Take your Thai chilies wash them, smash some garlic cloves, a little bit of sea salt and place in a glass jar. Fill up with stale beer,preferably a lager. Loosely tighten lid. Set on a plate and put it on the counter for about a week. Tighten lid and put in fridge for two weeks. Every time you need a little heat.spoon out some of the juice. If it runs low add more chilies and beer. Never throw out the original chilies just keep adding too them. Take a few out smash them and add them to a dish if you like. My dads recipe.


----------



## Zwiefel (Jan 24, 2015)

I'm interested in pics, Mise...I'd like to try something like this. 

Great recipe Son! I'll have to try that as well.


----------



## mise_en_place (Jan 24, 2015)

The beer recipe sounds really interesting. I will have to try that soon.

I will post pictures soon.


----------



## Oaken (Jan 28, 2015)

-	12 red savina habanero peppers
-	1 Onion (preferably white), peeled and quartered
-	6 cloves of garlic, peeled
-	2 carrots, peeled & cut into hunks
-	Juice of 1 lime
-	8 Tbsps. white vinegar
-	½ Tsp. salt
-	¼ Tsp. Pepper

Cut peppers in half and seed.
Boil onion, garlic and carrots in water until soft. Remove from water and set aside.
Blanch peppers in water for 30 seconds and remove.
Place all ingredients in blender. Pulse to chop and then blend until smooth.
Sauce can be strained if you want it to be smooth.
Place in sterilized glass jar. 
Keeps in the refrigerator for 5 weeks or so. 
Use on everything. 
Can also be used to clean the garage floor. :laugh:


notes:

-The first time I did this I blanched the peppers first and then boiled the vegetables. Pepper fumes rode the steam and filled the house. Wife and baby were not pleased!
-Color will deepen a bit over a couple of days.
-Mix a dab of sauce, crushed garlic & onion with sour cream for a great dip/potato topper.


----------



## Mucho Bocho (Jan 29, 2015)

Oaken, Ever been to Belize? Your sauce is reminiscent of Marie Sharps formula. Maybe the best hot sauce on the planet. IMHO 

http://www.mariesharps-bz.com


----------



## Ucmd (Jan 29, 2015)

I tried to made hot sauce last month using thai red, vinegar, garlic, salt sugar. I blended, boiled, fermented, strained.

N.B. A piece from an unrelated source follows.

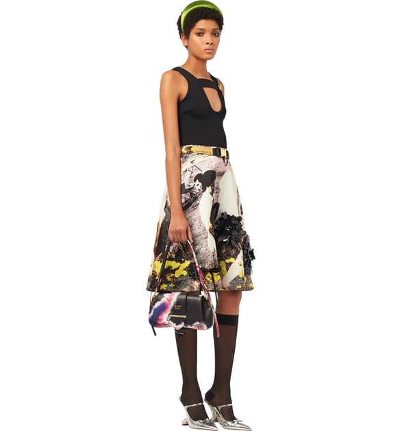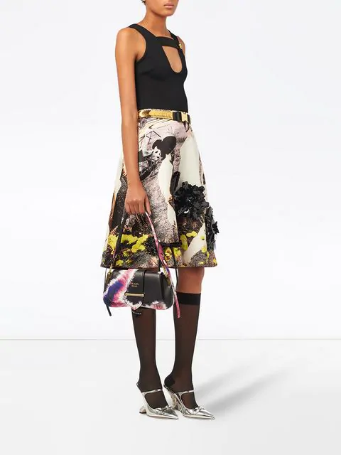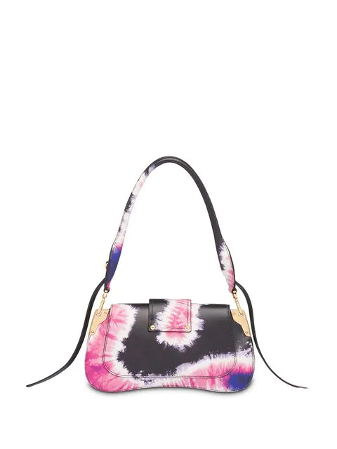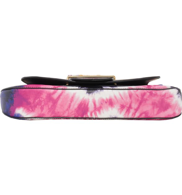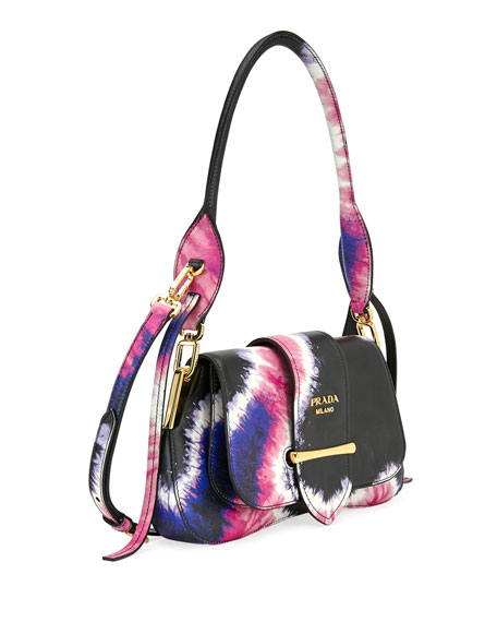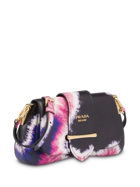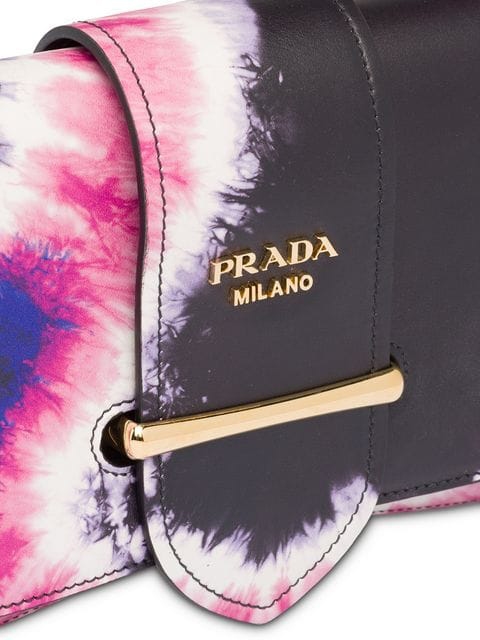 Defining luxury since 1913, Italian fashion house Prada is renowned for their uncompromising quality and timeless design vision. Crafted in Italy and constructed from black and pink nappa leather, this Sidonie tie-dye shoulder bag from Prada features a gold-tone logo plaque, a detachable leather handle, a flap closure with front strap and gold-tone hardware.

It was aweful. There was a sick metallic taste to it. I had made pepper spray. Anyway, please post more receipes and experience. Sorry if I hijacked thread.


----------



## Oaken (Jan 29, 2015)

Mucho Bocho said:


> Oaken, Ever been to Belize? Your sauce is reminiscent of Marie Sharps formula. Maybe the best hot sauce on the planet. IMHO
> 
> http://www.mariesharps-bz.com


I have not had the opportunity, but my daughter has. Wonderful people she says.
I don't even remember where this sauce came from.
I'll have to try Marie's.


----------



## boomchakabowwow (Jan 29, 2015)

i've been chasing a version of Siracha. getting close.

i wish posting pics here was easier..i cant get photobucket from work...


----------



## erickso1 (Jan 29, 2015)

Mucho or oaken, have you tried yellow bird out of Austin? Has a couple different ingredients, but a lot of similarities. If you don't have it where you are and want to try, let me know, I'll ship you a bottle.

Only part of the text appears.